# How to test multiple variables for equality against a single value?

You misunderstand how boolean expressions work; they don’t work like an English sentence and guess that you are talking about the same comparison for all names here. You are looking for:

``````if x == 1 or y == 1 or z == 1:
``````

`x` and `y` are otherwise evaluated on their own (`False` if `0`, `True` otherwise).

You can shorten that using a containment test against a tuple:

``````if 1 in (x, y, z):
``````

or better still:

``````if 1 in {x, y, z}:
``````

using a `set` to take advantage of the constant-cost membership test (i.e. `in` takes a fixed amount of time whatever the left-hand operand is).

### Explanation

When you use `or`, python sees each side of the operator as separate expressions. The expression `x or y == 1` is treated as first a boolean test for `x`, then if that is False, the expression `y == 1` is tested.

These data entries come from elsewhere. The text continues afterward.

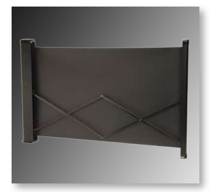
Scissor mechanism is infinitely adjustable
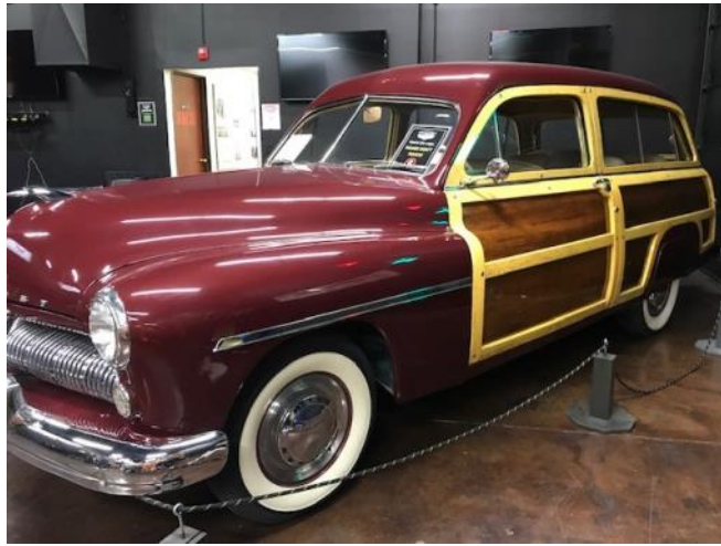
1950 Mercury 3rd seat station wagon
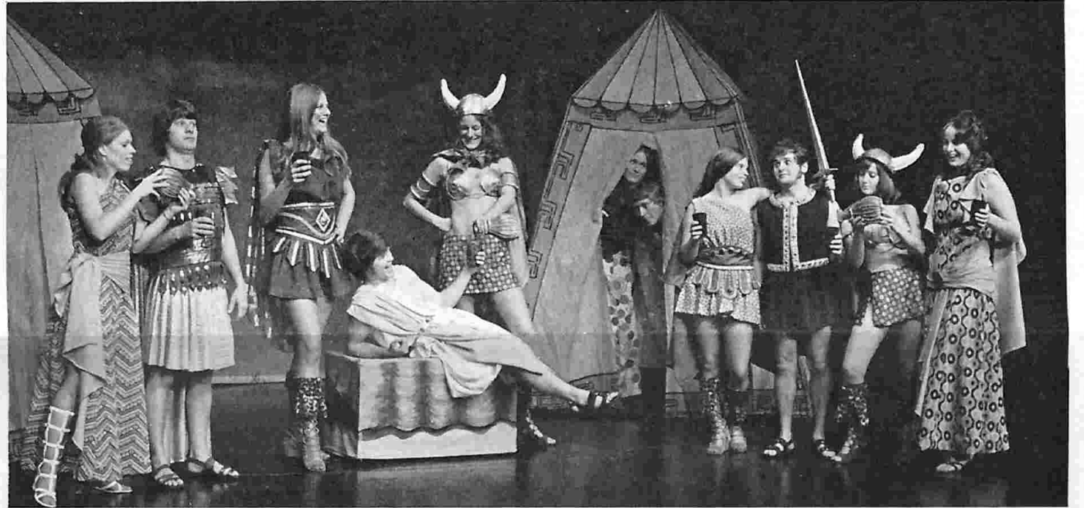
USO Shows, in affiliation with the American Theatre Association, will present "By Jupiter," a rousing musical comedy set in the pre-Christian era. The story concerns Amazons and Greeks and their fight for the powerful sacred girdle of Diana. Mistakes, chases and pretty girls all combine in song, dance and laughter to tell the story of the battle of the sexes.

Berlin's AUSA has been re-vitalized, as evidenced by the successful business and social functions it hosted this past weekend. Can you identify any major areas where the Army needs improvement? Your suggestions, coupled with those of other AUSA members, can be molded into resolutions which can change this organization. Find out for yourself by contacting your nearest AUSA representative.
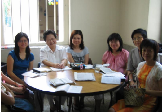
Adults 2 in the Beulah House SS Room
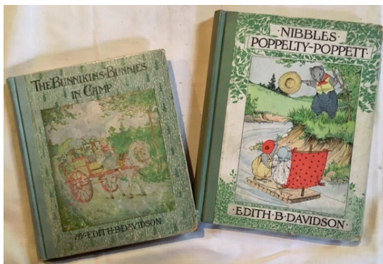
The Bennikins-Bunnies at Camp/ Nibbles Poppety-Poppett

Why do we save certain books or toys? And then in time, wonder why we did? But gratefully, these books were saved and with them we are rewarded with one more glimpse into growing up at the Homestead.
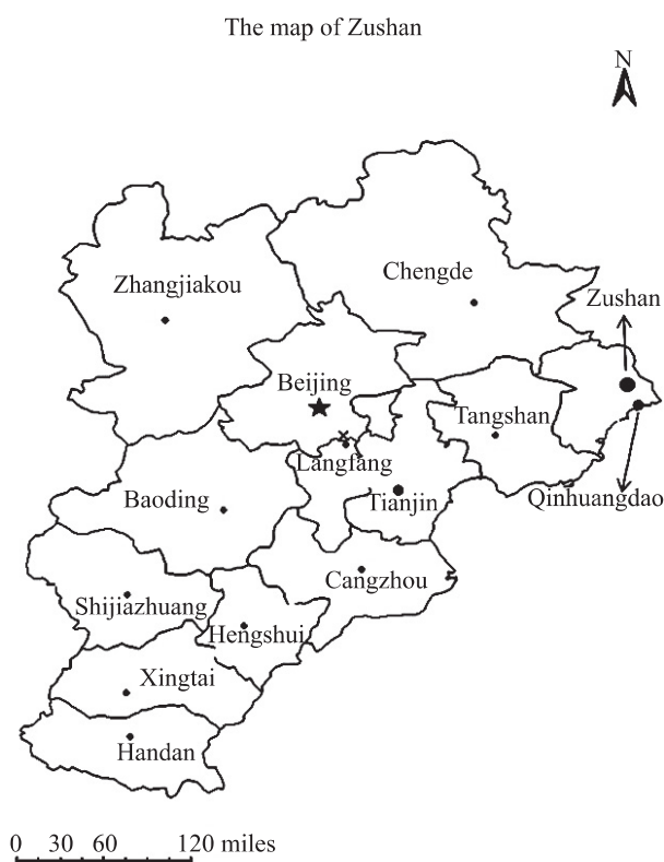
Figure 1. Zushan Town Area

Zushan Town is located in the southeastern part of Qingcheng Manchu Autonomous County along the Great Wall. It is known as the "Dongdaemun" of Qinglong. It is only 50km away from Qinhuangdao downtown. It passes through Qinhai Highway and Qinqing Highway through the town. It is Chengde, Inner Mongolia and other places. The location of the throat leading to the sea is excellent (see Figure 1). Zushan Town is a national autonomous region that is rich in resources and economic poverty. It has jurisdiction over 16 administrative villages and has a total area of 354 km 2 . By the end of 2017, the town has a permanent population of 24,200, a floating population of about 4,000, and a cultivated area of 1,670 hectares. At the end of 2004, the total production value of the town was 3.25 billion yuan. The added value of the first, second and third industries was 70.72 million yuan, 107.45 million yuan, and 100.55 million yuan respectively. The proportion of one, two and three industrial structures is 25.4:38.5:36.1.
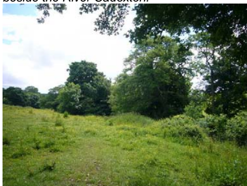
Trees line the Cadoxton river.
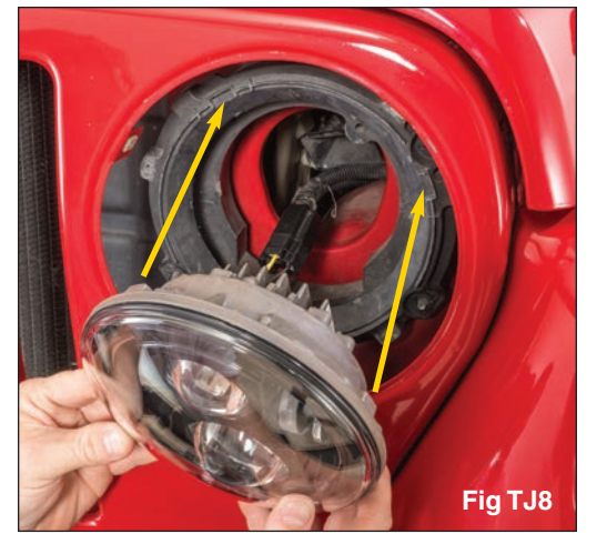
Plug in the new LED headlight. Be sure to align the tabs on the light with the notches in the headlight bucket.
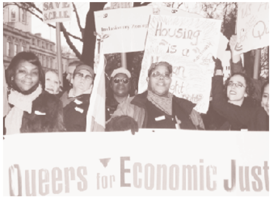
Queers for Economic Justice
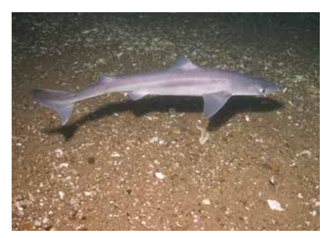
Cape shark, also known as spiny dogfish, is considered an undervalued commercial species in North Carolina.

North Carolina consumers do not eat cape shark because of a lack of consumer recognition. Consumption of lesser-known species like cape shark could support the regional fishing industry as more popular finfish become inconsistently available due to harvest restrictions.
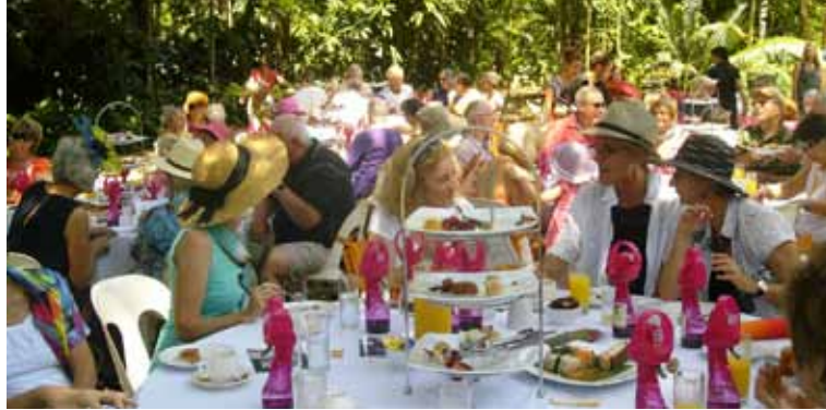
Friends celebrating their 25 th birthday with a tea party in the stunning grounds of the Cairns Botanic Gardens.

The weather was beautiful and the setting in the tropical gardens stunning when current and former Friends gathered late in 2014 to celebrate 25 years of voluntary service and fundraising for the Cairns Botanic Gardens.
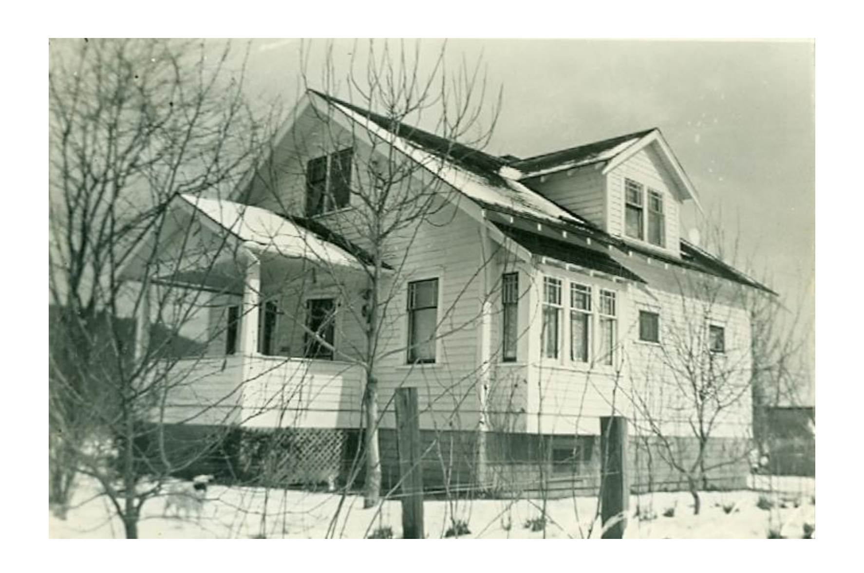
Family Home in the winter
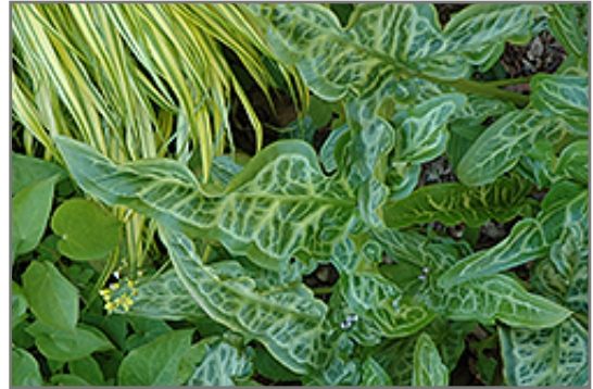
Italian Painted Arum foliage

Other Names: Cuckoo Pint, Lords-and-Ladies, Painted Arum
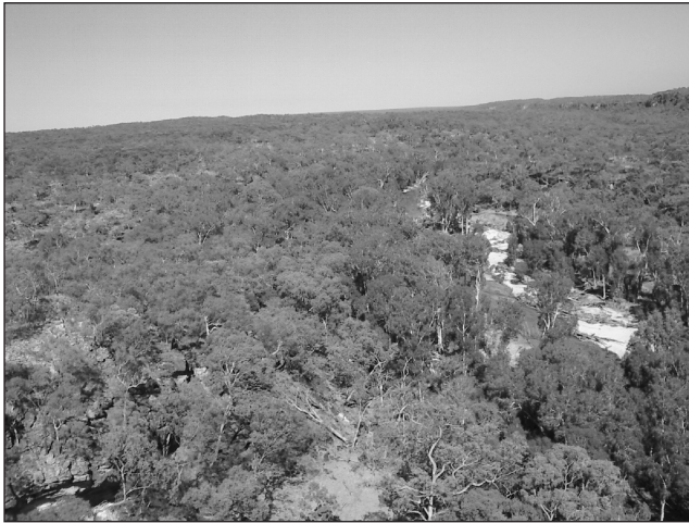
Figure 2 Aerial photograph showing the rugged nature of the country along the Norman River and adjacent sandstone escarpments.

diverse range of site types and suggesting a high density of site occurrence.

This is due to operator precedence. The `or` operator has a lower precedence than the `==` test, so the latter is evaluated first.

However, even if this were not the case, and the expression `x or y or z == 1` was actually interpreted as `(x or y or z) == 1` instead, this would still not do what you expect it to do.

`x or y or z` would evaluate to the first argument that is ‘truthy’, e.g. not `False`, numeric 0 or empty (see boolean expressions for details on what Python considers false in a boolean context).

So for the values `x = 2; y = 1; z = 0`, `x or y or z` would resolve to `2`, because that is the first true-like value in the arguments. Then `2 == 1` would be `False`, even though `y == 1` would be `True`.

The same would apply to the inverse; testing multiple values against a single variable; `x == 1 or 2 or 3` would fail for the same reasons. Use `x == 1 or x == 2 or x == 3` or `x in {1, 2, 3}`.